◆ **TRY IT**: Among the entries below, extract exactly the lines that run from the one with "Zeppa scultorea per" through the one with "قاب روز - بهشت نگارستان ایران - گرگان - مهر", both ends included.
:: RECORDS FOR THE TASK ::
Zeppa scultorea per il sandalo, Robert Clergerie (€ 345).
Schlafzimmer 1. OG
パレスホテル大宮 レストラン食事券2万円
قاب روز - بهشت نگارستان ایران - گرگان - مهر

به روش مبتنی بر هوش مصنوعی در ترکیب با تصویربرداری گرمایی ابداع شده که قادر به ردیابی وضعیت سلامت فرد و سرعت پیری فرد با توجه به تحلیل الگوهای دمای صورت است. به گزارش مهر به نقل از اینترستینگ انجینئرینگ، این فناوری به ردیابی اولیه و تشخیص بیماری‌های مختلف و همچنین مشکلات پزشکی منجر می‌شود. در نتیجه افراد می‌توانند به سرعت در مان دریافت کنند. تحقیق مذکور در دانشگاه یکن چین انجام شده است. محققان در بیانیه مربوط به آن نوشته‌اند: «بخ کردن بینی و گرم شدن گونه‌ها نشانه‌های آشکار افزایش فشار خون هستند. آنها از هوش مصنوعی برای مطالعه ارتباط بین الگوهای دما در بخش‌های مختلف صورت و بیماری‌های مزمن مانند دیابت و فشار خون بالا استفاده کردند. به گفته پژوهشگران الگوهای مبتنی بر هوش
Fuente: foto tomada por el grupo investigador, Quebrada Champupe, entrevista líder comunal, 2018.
:::
:: RECORDS FOR THE TASK ::
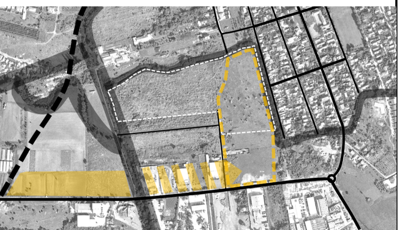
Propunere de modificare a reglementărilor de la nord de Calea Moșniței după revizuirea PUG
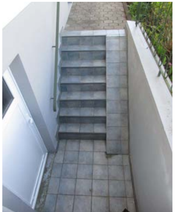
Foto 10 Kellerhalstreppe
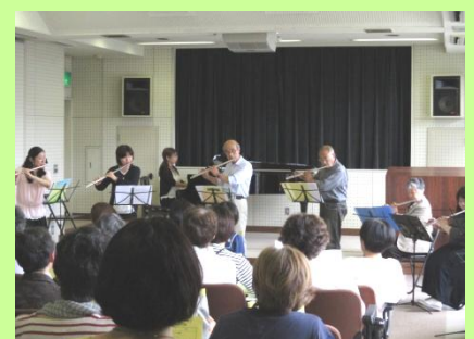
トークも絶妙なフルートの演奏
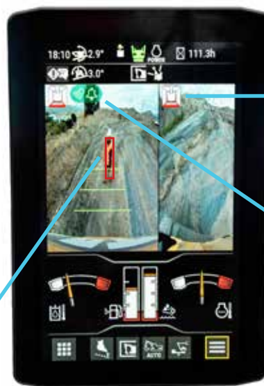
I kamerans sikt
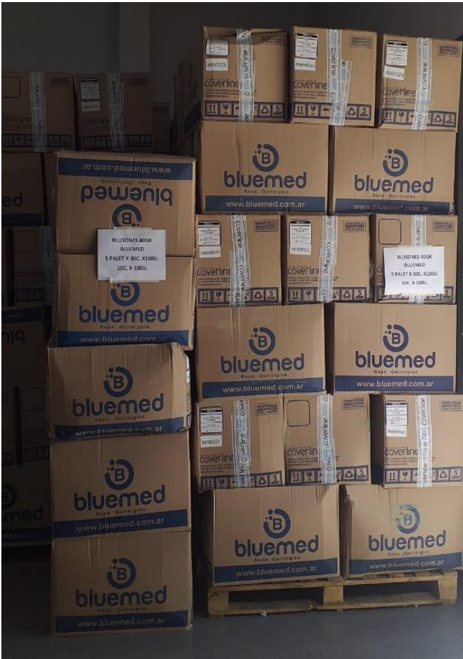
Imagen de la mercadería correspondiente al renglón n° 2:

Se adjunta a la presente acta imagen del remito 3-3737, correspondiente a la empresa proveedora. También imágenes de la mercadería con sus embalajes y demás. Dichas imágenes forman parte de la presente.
:::
:: RECORDS FOR THE TASK ::
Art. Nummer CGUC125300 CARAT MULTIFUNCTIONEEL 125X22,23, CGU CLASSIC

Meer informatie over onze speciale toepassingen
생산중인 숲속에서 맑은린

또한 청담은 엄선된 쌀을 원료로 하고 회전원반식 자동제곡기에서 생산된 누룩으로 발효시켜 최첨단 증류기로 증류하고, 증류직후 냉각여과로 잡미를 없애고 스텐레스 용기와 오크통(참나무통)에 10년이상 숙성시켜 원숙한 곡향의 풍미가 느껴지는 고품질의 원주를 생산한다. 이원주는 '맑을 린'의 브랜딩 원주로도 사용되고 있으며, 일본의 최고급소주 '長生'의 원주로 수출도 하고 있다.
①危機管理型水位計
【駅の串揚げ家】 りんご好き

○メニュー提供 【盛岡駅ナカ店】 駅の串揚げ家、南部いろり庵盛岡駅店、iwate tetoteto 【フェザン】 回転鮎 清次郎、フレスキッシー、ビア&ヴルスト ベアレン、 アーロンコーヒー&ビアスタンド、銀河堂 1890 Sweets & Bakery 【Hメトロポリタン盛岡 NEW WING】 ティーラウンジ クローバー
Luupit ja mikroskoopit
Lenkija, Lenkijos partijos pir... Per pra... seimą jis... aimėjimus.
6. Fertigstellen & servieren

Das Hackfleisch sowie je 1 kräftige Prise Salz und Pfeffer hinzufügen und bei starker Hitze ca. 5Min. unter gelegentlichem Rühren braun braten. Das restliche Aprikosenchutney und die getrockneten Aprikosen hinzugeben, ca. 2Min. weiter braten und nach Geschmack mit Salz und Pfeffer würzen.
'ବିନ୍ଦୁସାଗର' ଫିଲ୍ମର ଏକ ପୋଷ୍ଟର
:::
◆ **WRITTEN REPLY**:
Zeppa scultorea per il sandalo, Robert Clergerie (€ 345).
Schlafzimmer 1. OG
パレスホテル大宮 レストラン食事券2万円
قاب روز - بهشت نگارستان ایران - گرگان - مهر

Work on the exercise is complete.